이와 같이 본 발명의 L-라이신 생산능이 향상된 코리네박테리움 글루타미쿰 변이주는 아스파르테이트 키나아제 및 아스파르테이트 세미알데히드 디히드로게나제를 암호화하는 유전자를 포함하는 lysC-asd 오페론의 변이된 프로모터 서열을 포함하는 것일 수 있다.As such, the Corynebacterium glutamicum mutant strain with improved L-lysine production ability of the present invention has a mutated promoter sequence of the lysC-asd operon containing genes encoding aspartate kinase and aspartate semialdehyde dehydrogenase.

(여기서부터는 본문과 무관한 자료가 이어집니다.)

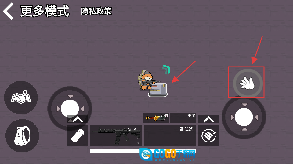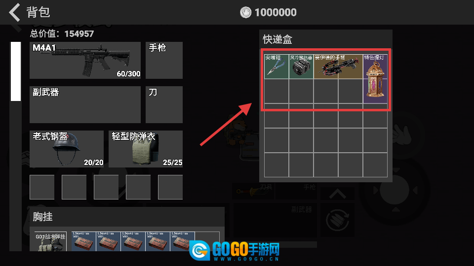 当靠近物资箱时,点击手形按钮进行交互以获取物资,同时在武器栏装备【M4A1】,为后续战斗提供助力。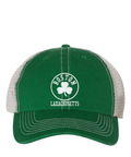 Front: 100% Cotton, garment-washed twill Back: 100% Polyester, soft mesh Unstructured, low-profile, six-panel Pre-curved visor, green undersvisor

It may include.
본 발명의 일 구체예에 따르면, 상기 변이주는 서열번호 2로 표시되는 염기서열을 아스파르테이트 키나아제 및 아스파르테이트 세미알데히드 디히드로게나제의 유전자를 포함하는 오페론의 프로모터 서열로 포함하는 것일 수 있다.According to one embodiment of the present invention, the mutant strain may contain the base sequence represented by SEQ ID NO: 2 as the promoter sequence of an operon containing genes for aspartate kinase and aspartate semialdehyde dehydrogenase. .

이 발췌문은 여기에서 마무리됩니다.